You do not always have to lose a loved one to mourn, proven by all types of losses experienced during the COVID-19 pandemic. Maybe you have lost your job, your sense of identity or your purpose. Maybe you no longer have motivation, a solid routine or connections. Perhaps all the loss has been exacerbated by you of ever-increasing racism in this country, and you feel sorrow for your community in general. It’s a long list of situational and systemic root causes, and three mental health experts we spoke to agreed that the trend towards mental health, especially now, is crucial.

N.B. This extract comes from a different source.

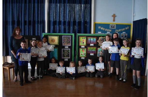
Art exhibition of children's work

As far as possible, we aim to organise our classes into single year groups. However, because numbers are rising due to the school's popularity, occasionally, we may need to have mixed-age groups in the same class. When this does happen, we plan even more carefully to ensure that the work set matches the child's ability.

Gina Moffa, LCSW, a therapist specializing in grief and trauma counseling, told POPSUGAR that grief can certainly be traumatic. The fact that it may not be aimed at a death results in a lack of clarity, and that makes it extremely difficult to move forward, she said. Jenny Wang, PhD, a psychologist in private practice and founder of Asians for Mental Health Directory, added that people could also grieve over the life they might have lived if the pandemic had not occurred.
Ahead you will find tips from Moffa, Dr. Wang and Alexmi Polanco, LMHC, from Poder Healing on how to deal with grief caused by the pandemic and the events thereafter. It’s not a one-size-fits-all approach, but hopefully there’s something here that helps as constraints – but not necessarily difficulties – ease across the country.